Я люблю твою жизнь, что согрета теплом изнутри,

от тебя независимо, взятую всею тобою,

у окна, где дрожат осыпающиеся фонари

и уходит трамвай к Блохину, словно зверь к водопою.

Я тем больше люблю её, что не могу сохранить

так, чтоб ты её тоже любила и, больше не споря,

чтоб душа твоя в силах была повторить

эту чистую линию тела, лишённую горя.

О твоём белоснежном объёме, имеющем зренье и слух,

о гордыне твоей в драгоценном сосуде,

говорю о тебе, о твоём умирающем чуде —

так смиренно создать мог не гордый, но любящий дух.

Данте

Я в неоплатном пред тобой долгу

за оголённость слова до весла,

которым толщу океана гну.

Прощай навеки, ты меня спасла.

Я знаю, с кем я разговор веду,

и если слышен в голосе металл,

то это к непосильному труду.

Я видел куст – он кровью истекал.

Не узришь ты ни скорбного лица,

ни слёз моих, их бездна подо мной,

горбатое усилие гребца

не знает этой немощи земной.

Не до друг друга, мы теперь – одно,

везде тебе пристанище, как мне

изгнание повсюду суждено.

«Тихопомешанному на муравьях…»

Тихопомешанному на муравьях

чайка была продолженьем ладони,

с пепельной славой на тонких крылах

и в летаргическом полунаклоне.

Он растворялся в соседних мирах.

Бледным цветком, прозябающим в скалах,

осенью в сердце селившийся страх

так и дрожал среди родственных малых.

Жизнью соринки, что слишком мала,

тихопомешанному увлечься

было всегда перед сном и улечься

с радостным риском – была не была!

Всё продолжается – только и знал,

было движение – так он и помнил,

только и видел: соломинку поднял,

на муравьиной тропе исчезал.

«Снег – на землю, душа – от земли…»

Снег – на землю, душа – от земли,

вам сегодня меняться местами.

Что ты медлишь, душа? Утоли

этот замысел. Больно?

Так зачем привязалась ко мне?

Наш разлад – он затеян над нами.

Ты любила кого-нибудь? Нет.

А со мной породнилась невольно.

Всё кому-нибудь принадлежит.

Снег и снег, как попытка оспорить,

исчезая, летит и летит,

так прекрасен, что боязно вторить.

Ну и всё же скажи, мы могли

полюбить, как пришли, – не владея?

«В области пчёл, в рыжей стране с солнечной осью…»

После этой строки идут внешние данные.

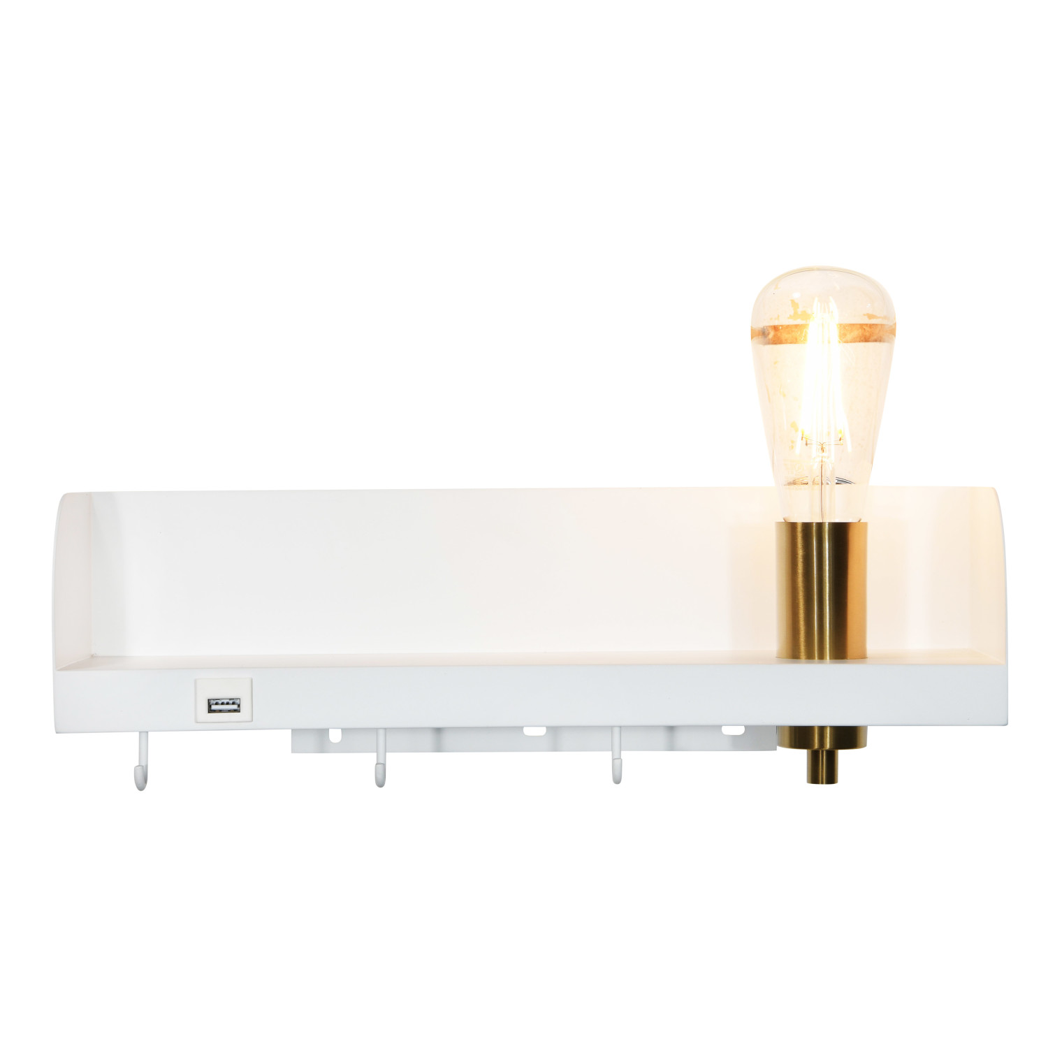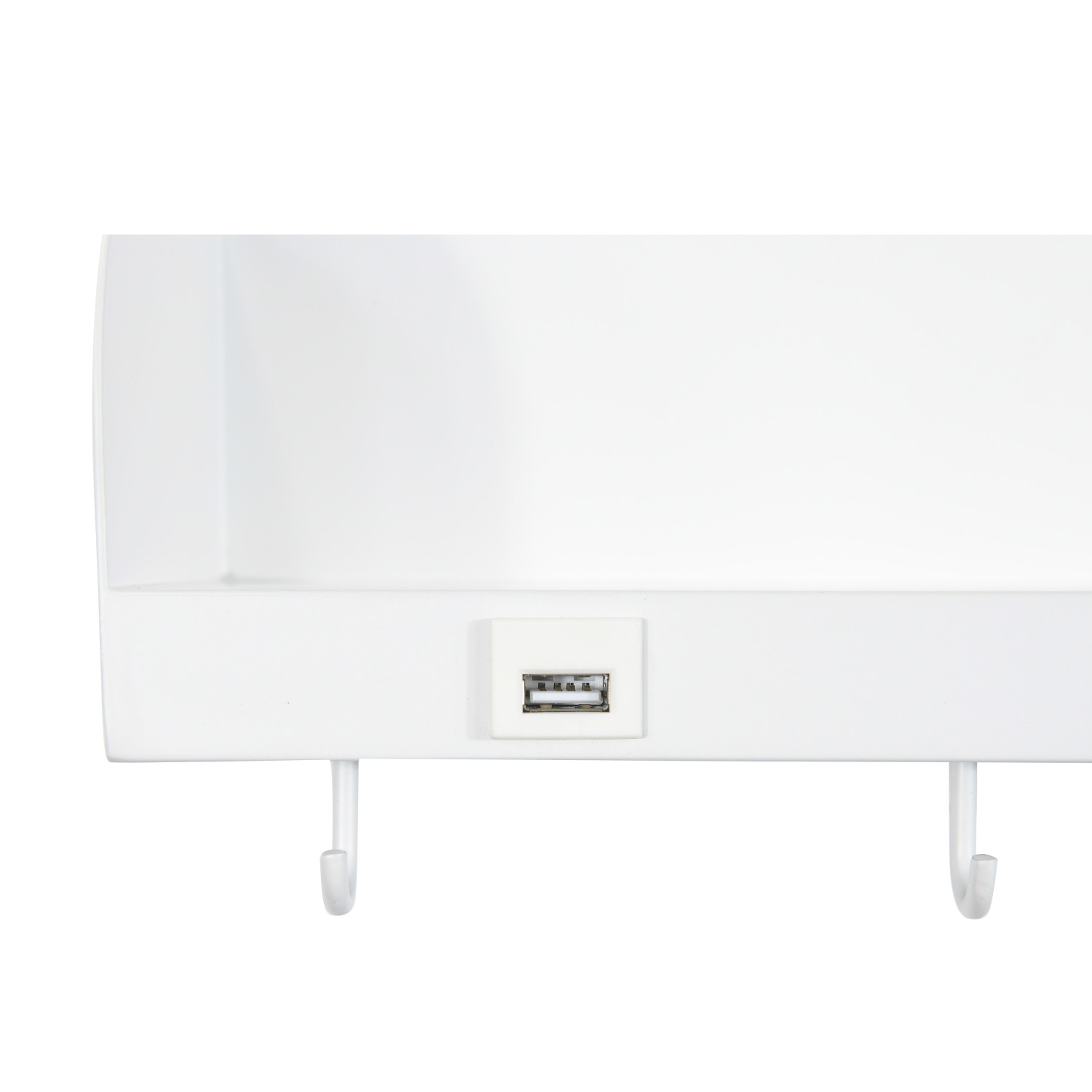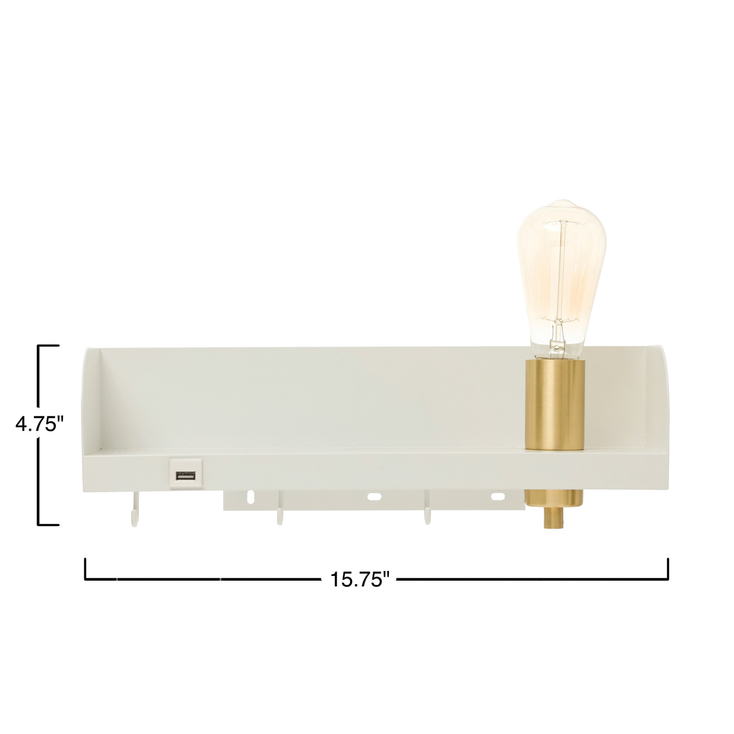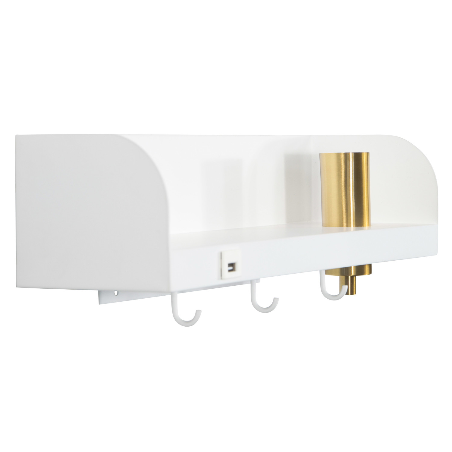 Catalog Name: 15-3/4"W x 4-1/2"D x 4-3/4"H Metal Wall Shelf w/ Light, USB, 3 Hooks & Inline Switch, Gold Finish, White

В области пчёл, в рыжей стране с солнечной осью,

там, где паук плёл мои сны по древесине,

я собирал дождь золотой или колосья

и на веранде павлин плыл в керосине.

Книгою мне лес пламенел, набранный густо

временем игл, липкой листвой и запятыми

угольных мух, влажным камням – влажное чувство

вторило и растворялось в полуденном дыме.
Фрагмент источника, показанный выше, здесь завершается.